Franklin and area police, including the the Metropolitan Law Enforcement Council Special Weapons and Tactics Team of which Franklin is a member, started evacuating McCarthy's neighbors and securing an area near his house. At 5:05 p.m., a crisis negotiator from the Metropolitan Law Enforcement Council made the first of

"numerous telephonic contacts," with McCarthy, according to the release.

Negotiators tried for 35 minutes to get McCarthy to surrender, investigators found. At 5:40 p.m., McCarthy told the lead crisis negotiator he was readying his firearm and would come out of his house in two minutes, Keating's office said.

McCarthy emerged from a cellar door, holding what police later determined to be a 30-06 Remington, Model 742 semi-automatic scoped rifle. He raised it to his shoulder in a firing position and aimed it at police who were positioned in his back yard, investigators determined.

The Franklin officer fired one round at McCarthy's upper body, killing him, Keating's office said.

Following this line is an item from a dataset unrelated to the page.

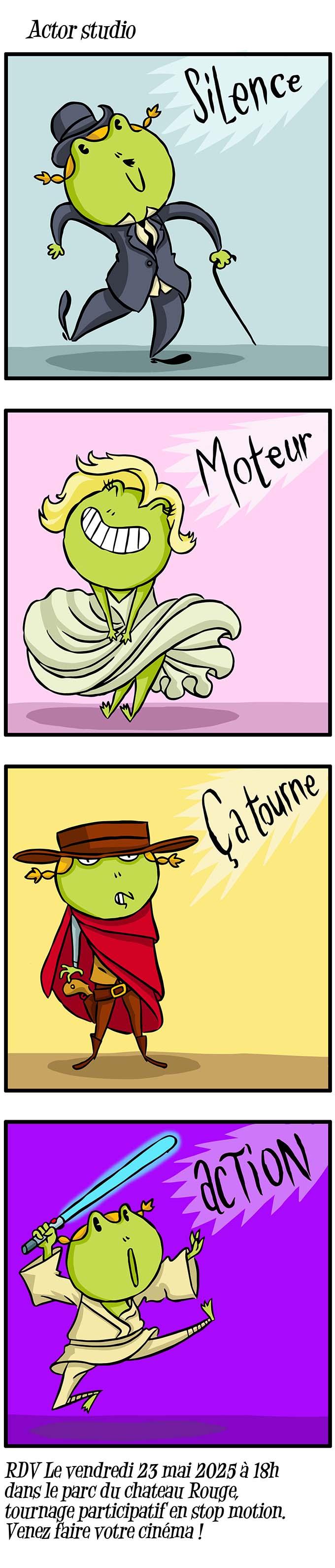 Mai 2025 Aujourd'hui, la joyeuse troupe participe à un tournage, la classe ! Tu as envie de faire comme elle ? Va dans le parc du château Rouge vendredi soir ! Le vent du Riatt y propose un tournage participatif en stop motion ! Zoom sur l'image Le Côa Club Tous les strips du Côa Club

According to Keating, the rifle McCarthy raised toward police had one round chambered and three additional rounds contained within its magazine. Police said they secured his other two weapons, the gas mask and ammunition.

"You train for this type of incident throughout your entire career and hope it never comes," Williams said.

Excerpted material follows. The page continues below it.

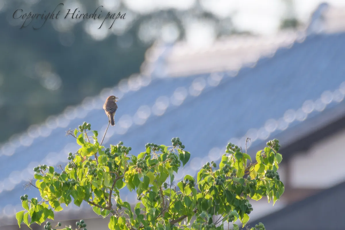投稿を表示モズが口を開けて鳴いていますね。甲高い声が聞こえて来そうです。こんなに小さくとも猛禽類ですから、頼もしい小鳥ですね。

A fund has been established for McCarthy's children.

Donations may be made to the McCarthy Children's Education Fund, c/o Ben Franklin Bank, 58 Main St., PO Box 309, Franklin, MA 02038.

(Danielle Williamson can be reached at 508-634-7552 or [email protected].)


----------



## justanotherparatrooper (Aug 27, 2006)

What the fk is wrong with people. That has got to be the most cowardly thing you can do to hurt your family , friends and in this case the officer. I pray for his kids and the officer involved.


----------